**Data provided**
○ ○ ○
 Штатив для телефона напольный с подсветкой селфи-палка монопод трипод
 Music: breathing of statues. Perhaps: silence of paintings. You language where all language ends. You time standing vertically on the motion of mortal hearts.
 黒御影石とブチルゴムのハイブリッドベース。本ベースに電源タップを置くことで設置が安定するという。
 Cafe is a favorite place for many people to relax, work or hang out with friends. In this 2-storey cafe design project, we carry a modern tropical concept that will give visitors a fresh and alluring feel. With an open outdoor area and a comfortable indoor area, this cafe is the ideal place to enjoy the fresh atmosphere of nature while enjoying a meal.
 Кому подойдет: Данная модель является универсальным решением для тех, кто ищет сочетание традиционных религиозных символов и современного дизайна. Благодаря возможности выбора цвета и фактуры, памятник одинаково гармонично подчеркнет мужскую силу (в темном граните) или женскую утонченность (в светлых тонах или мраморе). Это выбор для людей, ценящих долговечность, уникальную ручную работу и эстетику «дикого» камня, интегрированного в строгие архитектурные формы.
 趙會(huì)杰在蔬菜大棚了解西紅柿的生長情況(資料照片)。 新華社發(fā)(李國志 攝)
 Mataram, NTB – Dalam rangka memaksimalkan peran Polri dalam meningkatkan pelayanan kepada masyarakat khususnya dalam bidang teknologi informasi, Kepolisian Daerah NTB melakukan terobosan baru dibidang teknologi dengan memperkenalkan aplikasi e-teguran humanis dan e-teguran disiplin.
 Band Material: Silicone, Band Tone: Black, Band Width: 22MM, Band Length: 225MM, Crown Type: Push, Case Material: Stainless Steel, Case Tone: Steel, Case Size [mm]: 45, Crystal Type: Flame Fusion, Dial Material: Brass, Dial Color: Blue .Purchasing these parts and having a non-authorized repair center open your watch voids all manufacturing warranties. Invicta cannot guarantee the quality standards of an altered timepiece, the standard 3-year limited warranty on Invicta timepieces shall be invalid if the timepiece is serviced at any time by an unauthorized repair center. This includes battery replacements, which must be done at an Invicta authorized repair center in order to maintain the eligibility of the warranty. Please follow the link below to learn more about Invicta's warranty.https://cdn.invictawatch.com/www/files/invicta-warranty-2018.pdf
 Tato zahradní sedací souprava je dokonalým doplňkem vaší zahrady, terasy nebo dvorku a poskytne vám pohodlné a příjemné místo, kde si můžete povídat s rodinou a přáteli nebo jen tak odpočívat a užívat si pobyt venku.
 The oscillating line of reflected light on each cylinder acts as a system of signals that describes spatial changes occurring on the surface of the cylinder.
○ ○ ○
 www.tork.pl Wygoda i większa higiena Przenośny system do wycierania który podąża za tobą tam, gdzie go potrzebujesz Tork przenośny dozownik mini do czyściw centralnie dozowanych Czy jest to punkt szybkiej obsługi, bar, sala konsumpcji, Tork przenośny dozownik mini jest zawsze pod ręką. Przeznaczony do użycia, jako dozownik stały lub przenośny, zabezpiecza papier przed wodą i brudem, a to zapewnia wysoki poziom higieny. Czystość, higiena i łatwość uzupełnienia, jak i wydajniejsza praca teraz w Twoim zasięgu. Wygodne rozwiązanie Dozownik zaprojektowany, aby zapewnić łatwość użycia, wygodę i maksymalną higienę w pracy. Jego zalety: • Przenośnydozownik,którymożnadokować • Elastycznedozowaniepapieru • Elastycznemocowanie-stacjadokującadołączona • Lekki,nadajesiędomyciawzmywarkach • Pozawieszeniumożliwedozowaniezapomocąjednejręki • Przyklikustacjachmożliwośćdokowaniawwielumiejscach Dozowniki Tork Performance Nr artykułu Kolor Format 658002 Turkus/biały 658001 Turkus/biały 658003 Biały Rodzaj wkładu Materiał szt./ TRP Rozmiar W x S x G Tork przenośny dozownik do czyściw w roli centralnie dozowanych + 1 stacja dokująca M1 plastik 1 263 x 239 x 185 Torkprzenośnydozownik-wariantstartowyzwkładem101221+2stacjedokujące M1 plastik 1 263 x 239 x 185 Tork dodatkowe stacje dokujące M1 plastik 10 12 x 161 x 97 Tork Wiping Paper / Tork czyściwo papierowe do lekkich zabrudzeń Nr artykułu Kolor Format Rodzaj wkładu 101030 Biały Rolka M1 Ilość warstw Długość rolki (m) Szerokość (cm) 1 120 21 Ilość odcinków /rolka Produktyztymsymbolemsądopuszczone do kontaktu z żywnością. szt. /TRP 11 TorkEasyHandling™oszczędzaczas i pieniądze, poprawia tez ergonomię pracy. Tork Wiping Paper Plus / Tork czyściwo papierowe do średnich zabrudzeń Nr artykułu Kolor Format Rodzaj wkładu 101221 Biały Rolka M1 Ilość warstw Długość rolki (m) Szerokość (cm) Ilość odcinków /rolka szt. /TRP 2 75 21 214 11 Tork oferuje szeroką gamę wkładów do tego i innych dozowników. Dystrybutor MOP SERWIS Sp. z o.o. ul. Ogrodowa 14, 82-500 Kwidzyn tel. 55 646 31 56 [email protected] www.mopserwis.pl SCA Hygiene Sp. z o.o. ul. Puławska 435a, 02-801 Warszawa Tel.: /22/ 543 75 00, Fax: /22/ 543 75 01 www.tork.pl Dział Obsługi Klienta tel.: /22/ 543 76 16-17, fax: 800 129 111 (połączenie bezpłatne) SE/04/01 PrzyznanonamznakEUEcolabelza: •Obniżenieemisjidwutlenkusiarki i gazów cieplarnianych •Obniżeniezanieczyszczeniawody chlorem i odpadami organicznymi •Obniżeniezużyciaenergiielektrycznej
○ ○ ○
Please give again the lines above between the line holding "Штатив для телефона" and the line holding "Cafe is a favorite", inclusive, exactly as they are and with nothing added.

 Штатив для телефона напольный с подсветкой селфи-палка монопод трипод
 Music: breathing of statues. Perhaps: silence of paintings. You language where all language ends. You time standing vertically on the motion of mortal hearts.
 黒御影石とブチルゴムのハイブリッドベース。本ベースに電源タップを置くことで設置が安定するという。
 Cafe is a favorite place for many people to relax, work or hang out with friends. In this 2-storey cafe design project, we carry a modern tropical concept that will give visitors a fresh and alluring feel. With an open outdoor area and a comfortable indoor area, this cafe is the ideal place to enjoy the fresh atmosphere of nature while enjoying a meal.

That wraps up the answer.